The remedies afforded for a violation of § 106.001 are set forth in § 106.002:

§ 106.002 Remedies
(a) If a person has violated or there are reasonable grounds to believe a person is about to violate Section 106.001, the person aggrieved by the violation or threatened violation may sue for preventive relief, including a permanent or temporary injunction, a restraining order, or any other order.
(b) In an action under this section, unless the state is the prevailing party, the court may award the prevailing party reasonable attorney’s fees as a part of the costs. The state’s liability for costs is the same as that of a private person.

We hold that in compliance with Chapter 106, the farm workers, as prevailing parties, are entitled to attorney’s fees and costs. We therefore hold that the lower courts erred in finding that sovereign immunity barred the State from liability and uphold the trial court’s finding granting the farm workers $36,810 in attorney’s fees.

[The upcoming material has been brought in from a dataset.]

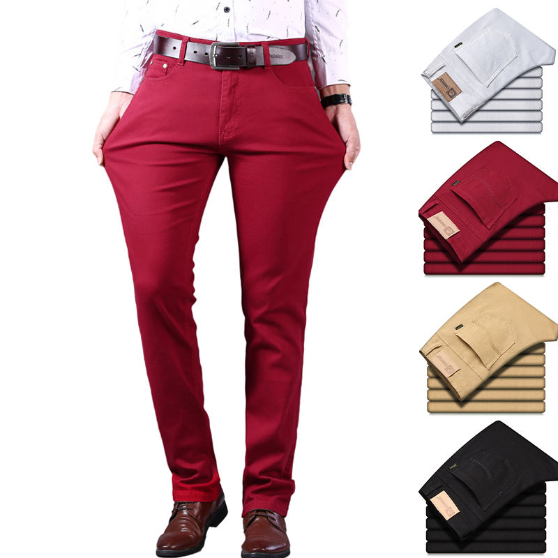 Spring Autumn Men's Blue Slim Fit Micro-Elastic Straight Denim Jeans Trousers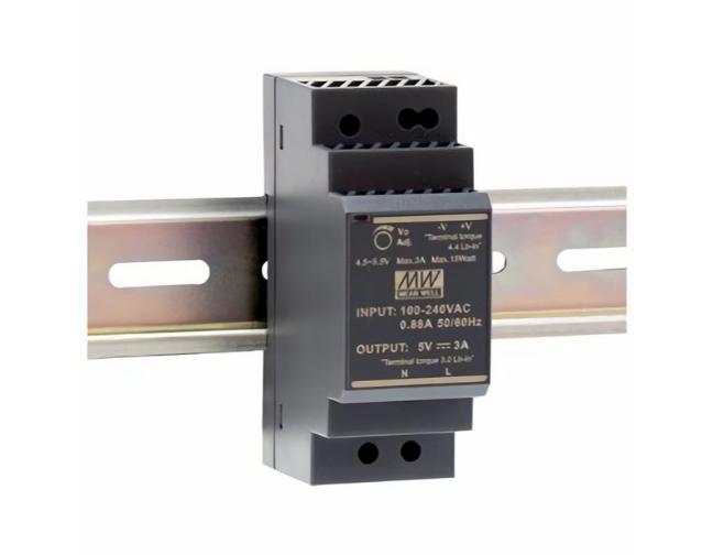 HDR-30-5 - AC-DC Ultra slim DIN rail power supply; Input range 85-264VAC; Output 5VDC at 3A; Pass LPS

Finally, in reference to costs, the court of appeals ordered that the costs of appeal be taxed equally between TEC and the farm workers and remanded to the trial court for an assessment of the additional costs of the suit. We reverse the judgment of the court of appeals and order that all costs be assessed against the State. TEX. R.CIV.P. 131 provides that the successful party to a suit shall recover all costs incurred. “Taxing of costs against the successful party in the trial court is contrary to Rule 131 of the Texas Rules of Civil Procedure.” Martinez v. Pierce, 31 Tex.Sup.CtJ. 359 (April 30, 1988).

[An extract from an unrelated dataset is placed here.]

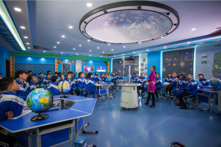 基于數(shù)字化與虛擬現(xiàn)實(shí)技術(shù)的創(chuàng)新型地理專用教室是指以“數(shù)字化”為主導(dǎo),以數(shù)字星球系統(tǒng)為核心,遵循教育部《中學(xué)地理專用教室建設(shè)規(guī)范》,配備常規(guī)教學(xué)類的交互地圖教學(xué)系統(tǒng);天文實(shí)踐類的課程資源包;創(chuàng)新應(yīng)用類的虛擬現(xiàn)實(shí)VR教學(xué)系統(tǒng)、地理AR沙盤、全息教學(xué)系統(tǒng)、3D地理教學(xué)系統(tǒng);實(shí)驗(yàn)活動類的地理交互學(xué)具、地理綜合實(shí)踐套裝;并輔以教學(xué)通用設(shè)備以及環(huán)境創(chuàng)設(shè),能夠把地理課本上的知識更直觀、生動、全方位的精彩呈現(xiàn),讓學(xué)生打開傳統(tǒng)的思維模式,以一種更加生動活潑的方式學(xué)習(xí)地理,有利于教師教學(xué)活動的開展和學(xué)生學(xué)習(xí)效率的提高。

We reverse the judgment of the court of appeals. We affirm that part of the trial court’s judgment granting declaratory relief but vacate the portion of the judgment granting injunctive relief. We reverse the portion of the trial court’s judgment denying the farm workers recovery of attorney’s fees and render judgment that the farm workers recover $36,810 in attorney’s fees. We reverse the court of appeals’ assessment of costs and order that all costs of the suit be assessed against the State.